In 2015, through coordination at the Savannah VA Outpatient Clinic, operated by Charleston VAMC, the Trinity Evangelical Church repaired close to a dozen homes in Savannah. After such a positive experience they wanted to return to help more Veterans and this year they landed in Charleston.

"This is our way of tapping into the goodness of God for people and we are happy that our work is benefiting Veterans," said Kaifler, sitting next to Freeman on his porch and patting him on the back. "These are people who have served our country and given a self-sacrificing gift.  This is our way to honor their service to our country through a little love. They are wonderful people."

Pastor Bruce Kaifler sits with Veteran James Freeman and discusses the home repairs the team will be tackling during the week.

Pastor Bruce Kaifler sits with Veteran James Freeman and discusses the home repairs the team will be tackling during the week.

After a hard rain three years ago Freeman hired a local contractor to repair damage to his home. The contractor disappeared, taking his money and completing only half the work. 

"These people here this week are fixing structural damage in my garage, painting the inside, fixing rotten wood around the eves and installing doors," said Freeman. "They are super. I call them angels. They even bring me lunch and I eat lunch with them every day."

In an appointment with one of his Charleston VA health care providers, Freeman revealed that he needed help finding money to fix his home. When that provider heard about the group coming to Charleston from New York, he nominated Freeman to be one of the recipients. A quick trip to the Voluntary Service office got Freeman on the list and a few days later he got the call that he was approved.  

Trinity Evangelical completely funds all of their own travel and materials needed to complete the repairs. This year the group was the selected beneficiary of donations raised by the 2015 FDNY 343 Ride. This annual bicycle trip occurs on the anniversary of Sept. 11 to honor and remember the 343 members of the New York Fire Department who perished in the World Trade Center in 2011. Each year the donated proceeds go directly to support Veterans. The $10,000 donation to Kaifler's group funded the majority of the materials needed for this year's mission in Charleston. Other donations from his congregation and paint supplies from a Charleston Sherwin Williams brought the donation total to almost $13,000.

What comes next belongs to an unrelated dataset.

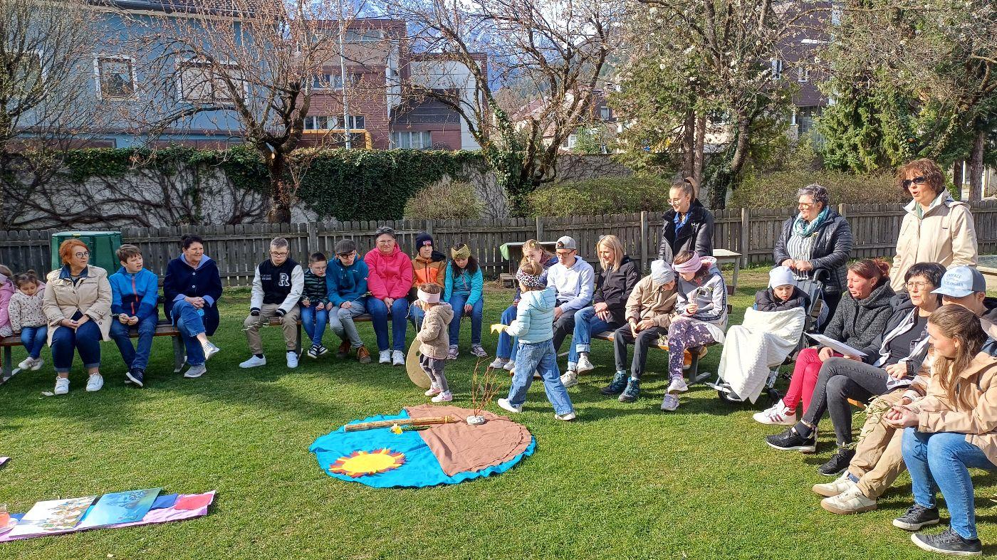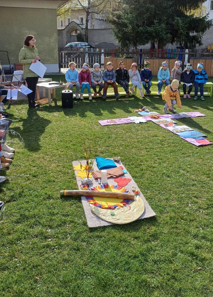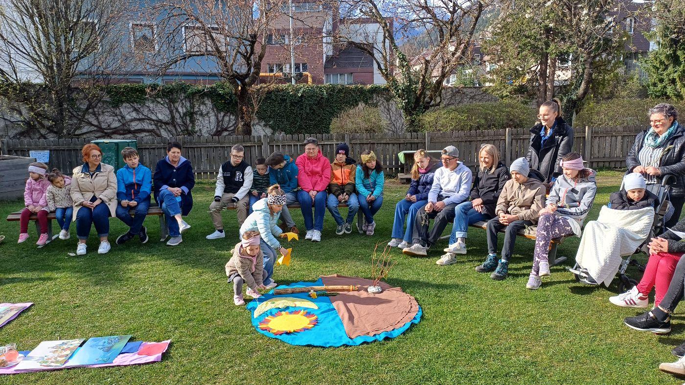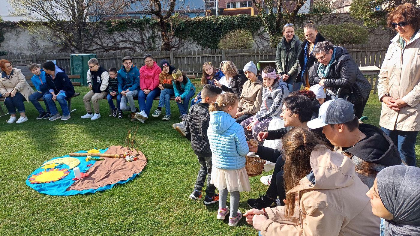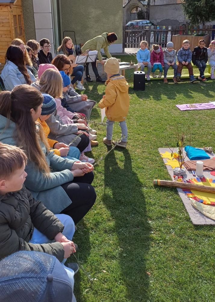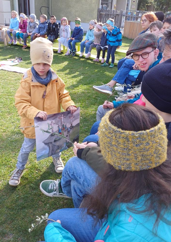 Heuer haben uns die Kinder vom Montessori-Kindergarten zu einem wunderbaren und berührenden Osterfest eingeladen! Sie haben die Leidensgeschichte und Auferstehung Jesu erzählt und bildlich dargestellt. Wir haben gemeinsam gesungen und sie haben uns das Wunder der Schöpfung in einem schönen Bodenbild bewusst gemacht.

Another Veteran that benefited from the generosity of the New York-based mission group is Harvey Simmons. Tears of joy welled up in his eyes as he rode the donated scooter down his newly constructed 65-foot wheelchair accessible ramp on Bogard Street in downtown Charleston. 

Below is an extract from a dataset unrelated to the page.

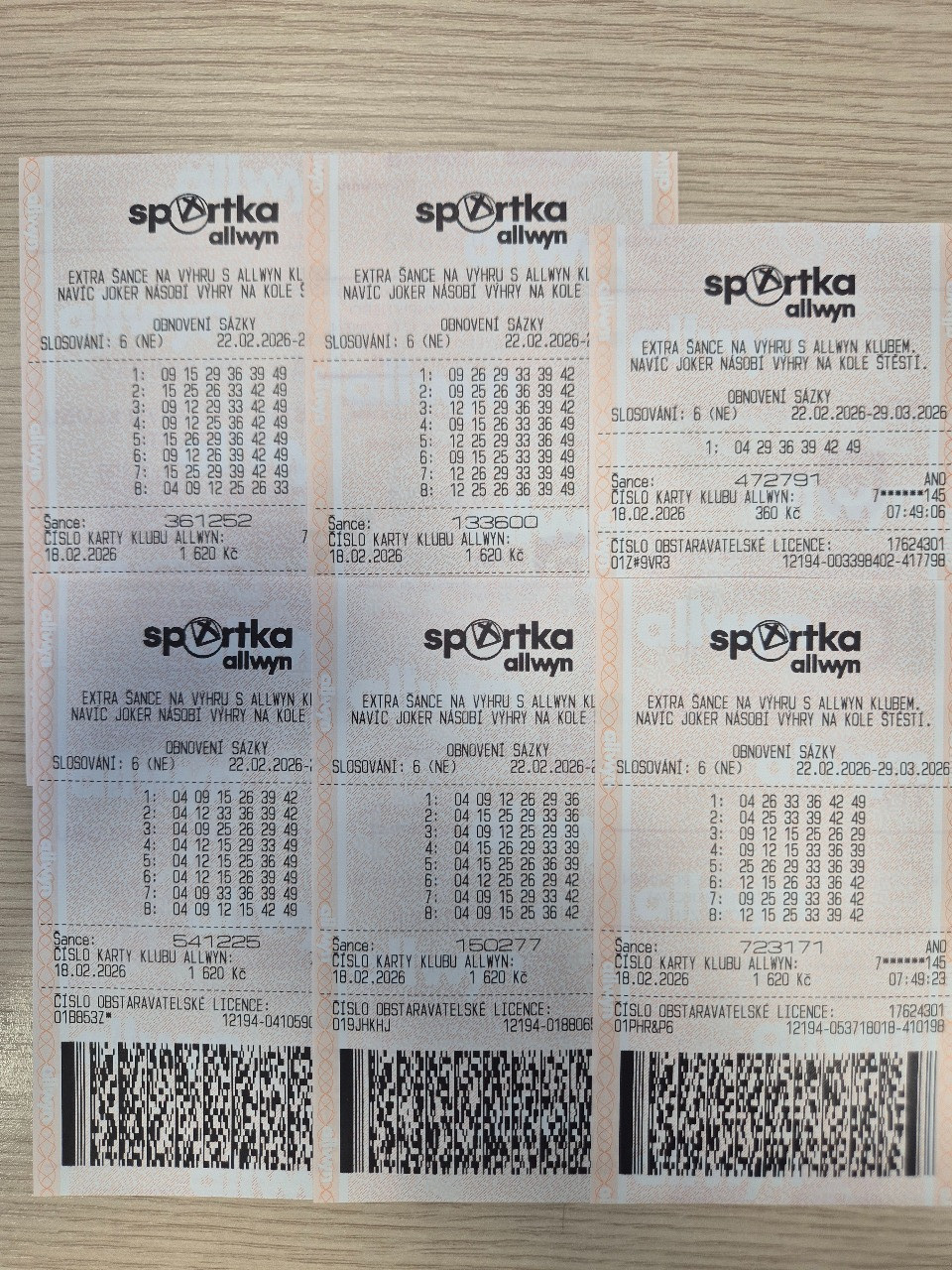 23. listopad 2025 / neděle - první tah 4,15,33, tj. 4x pátá 756,- Kč, druhý tah 9,25, šance 30,- Kč. CELKEM 786,- Kč.

An American Flag is proudly displayed above the new wheelchair accessible ramp at the home of Veteran Harvey Simmons.

An American Flag is proudly displayed above the new wheelchair accessible ramp at the home of Veteran Harvey Simmons.

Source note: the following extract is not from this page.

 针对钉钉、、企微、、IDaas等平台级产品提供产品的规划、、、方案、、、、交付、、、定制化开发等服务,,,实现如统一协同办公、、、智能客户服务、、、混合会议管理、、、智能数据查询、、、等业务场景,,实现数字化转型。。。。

"This will change my life tremendously," said Simmons. "It will make me more mobile and it will be easier for me to get in and out of my residence."

Prior to Trinity Evangelical's arrival Simmons was navigating rickety front porch stairs with a rolling walker. 

"These people are tremendous and show up every day with a smile on their faces," said Simmons after his first ride down the ramp. "Words can't describe how I'm feeling right now."

"We are so grateful to Pastor Bruce and his team for travelling hundreds of miles and giving of their time and treasure," said Charleston VA Voluntary Service Program Manager Fred Lesinski. "Our Veterans are fortunate to benefit from the generosity of community-based resources and organizations near and far to meet needs that go beyond VA health care."